DMAP: A Distribution Map for Text¶

Conference: ICLR 2026 arXiv: 2602.11871 Code: https://github.com/Featurespace/dmap Area: AIGC Detection Keywords: distribution map for text, machine-generated text detection, statistical testing, token probability, language model analysis

TL;DR¶

This paper proposes DMAP (Distribution Map), a mathematical framework that maps text to i.i.d. samples on \([0,1]\) via next-token probability rankings from a language model. A formal theorem proves that purely sampled text yields a uniform distribution, enabling \(\chi^2\)-based verification of generation parameters, exposing the root cause of the complete failure of probability-curvature detectors under pure sampling, and visualizing statistical fingerprints left by post-training (SFT/RLHF) in downstream models.

Background & Motivation¶

Background: The next-token probability distributions of language models encode rich statistical information about text. Existing methods primarily analyze text or detect machine-generated text via scalar metrics such as perplexity, log-likelihood, and log-rank. DetectGPT pioneered the "probability curvature" paradigm—perturbing text and comparing likelihood shifts to determine whether it is machine-generated; FastDetectGPT improved efficiency via conditional probability normalization; Binoculars performs zero-shot detection using the probability ratio of two models.

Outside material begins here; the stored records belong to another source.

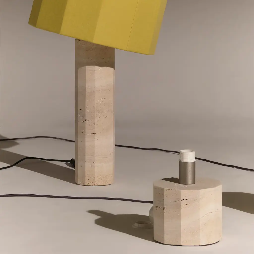 Characterized by a striking twelve-sided profile, this stunning table lamp will make for a lively and refined accent for contemporary interiors. Part of the Roma Dodecagon series of lighting fixtures, it is handcrafted of white Travertine, enriched with nickel-plated brass detailing, and crowned with a yellow linen shade, sewn by hand and available in warm white, blue, or brick red hues. Also offered in a red Travertine version, this lamp supports an E27 LED bulb.
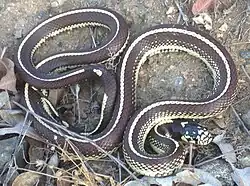 The California kingsnake is cathemeral; it may be active day or night depending on ambient temperatures.[6][12] When disturbed, California kingsnakes often coil their bodies into a ball[13] to hide their heads, hiss, and rattle their tails, which can produce a sound somewhat resembling that of a rattlesnake. When they are nervous they tend to twitch their tails.[14] They are considered harmless to humans, but if handled it is common for this species to bite, as well as to excrete musk and fecal contents from their cloaca.[15] It is also common for this musky odor to be excreted when the snake feels threatened.[6] California kingsnakes are considered to be generally solitary, but when mating season or brumation is in process, they group together.[16]
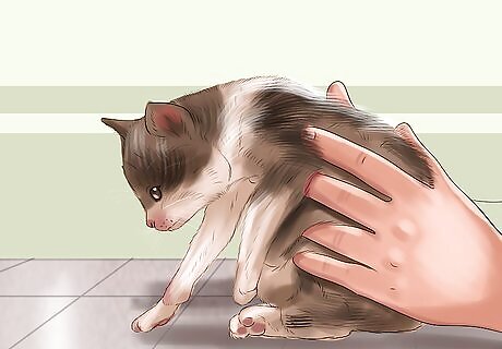 Move the cat to a cooler area. If you suspect that your cat has heatstroke or heat exhaustion, you should try to lower the cat’s temperature. Immediately take your pet to a cool area. This might be inside in a cool house or car or in the shade. Remove the cat from the heat source or the sun. If you can, try to get air flowing onto the cat with a fan or an air conditioning duct.
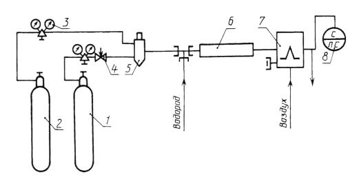 1 - баллон с анализируемым газом; 2 - баллон с газом-носителем (азотом, аргоном или водородом); 3 - редуктор баллона; 4 - вентиль тонкой регулировки; 5 - дозатор; 6 - реактор; 7 - детектор пламенно-ионизационный; 8 - измерительный прибор
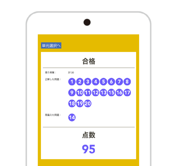 分野ごとに「確認テスト」にチャレンジしましょう。すべての「確認テスト」に合格するすると「進級テスト」にチャレンジできます。「進級テスト」は正解できなかった単元を中心に、AIが問題を選定して出題してくれる、あなただけのオリジナルテストです。進級テストに合格したら、次の級へ!
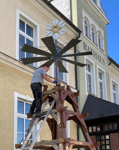 Das Pyramidengestell bleibt das ganze Jahr stehen, Auf- und Abbau der Figuren und der Beleuchtung erledigen Mitglieder des Heimatvereins. Wind und Wetter setzen dem Gestell und den Flügeln zu, so dass Renovierungen erforderlich werden, die stemmt der Heimatverein, so einen Neuanstrich in diesem Jahr. Und neue „Kerzen“-Halter kamen hinzu, im 3D-Druck wurden wiederum von der Firma BMF gefertigt.
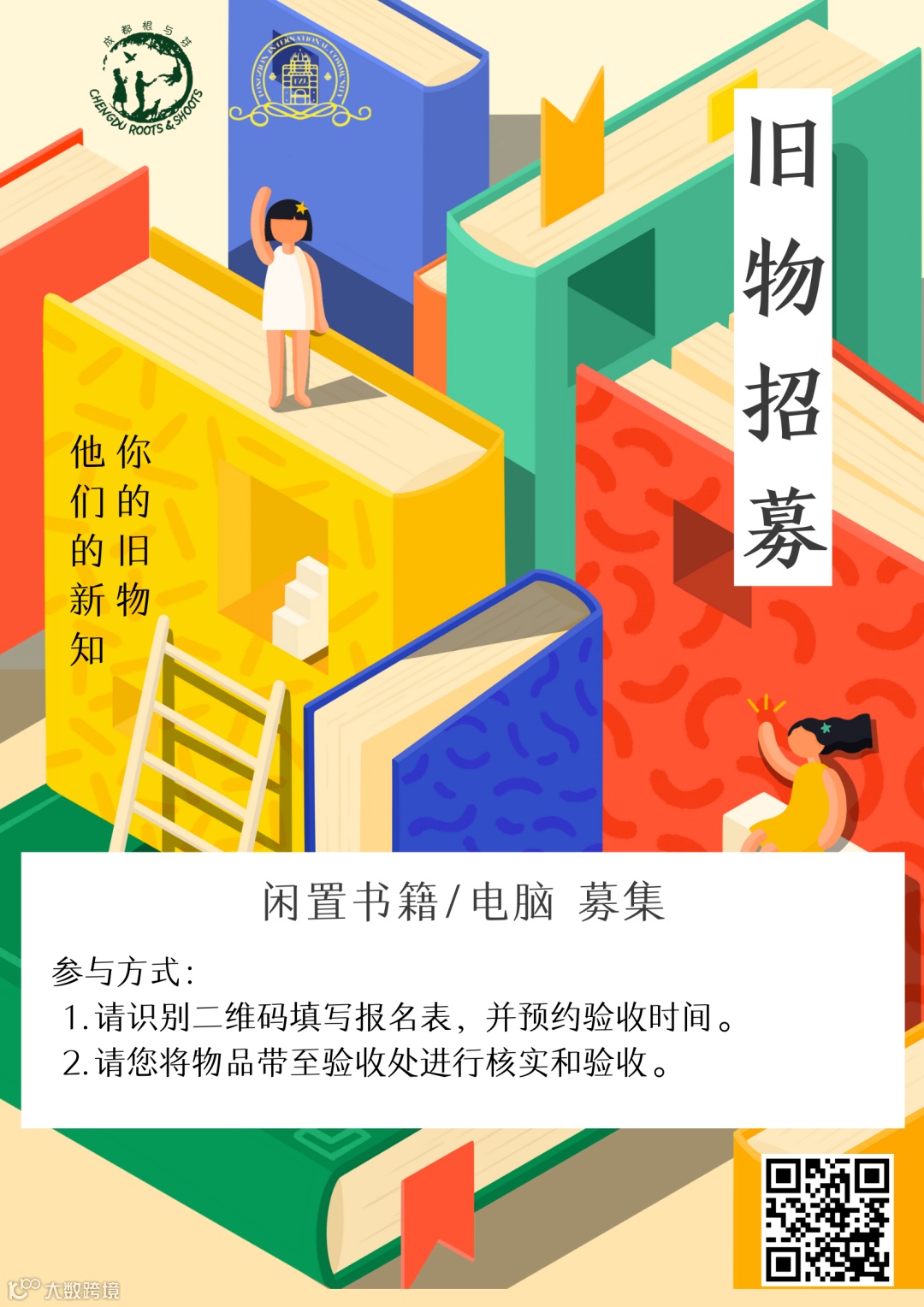 To spread the love and kindness of the international community of Tongzilin, Tongzilin International Community Center (TZL CC) is collaborating with Chengdu Roots & Shoots, calling for donations of unused books, computers and tablets, from today to June 19th, 2020.

Limitations of Prior Work: All probability-curvature methods implicitly assume that machine-generated text systematically favors the head of the probability distribution (i.e., selecting high-probability tokens), so that its "probability curvature" is opposite to that of human text. This assumption holds only when truncated sampling strategies such as top-k, top-p, or low temperature are used. Under pure sampling (temperature = 1.0, no truncation), the assumption fails entirely: FastDetectGPT's AUROC collapses from 0.702 to 0.200, and Binoculars' from 0.825 to 0.325—both worse than random guessing. More critically, the authors discover a systematic data error in the existing detection literature: HuggingFace previously enabled top-k=50 by default, causing several top-venue papers (DetectGPT, FastDetectGPT, Binoculars) to unknowingly use top-k=50 in experiments claimed to use pure sampling.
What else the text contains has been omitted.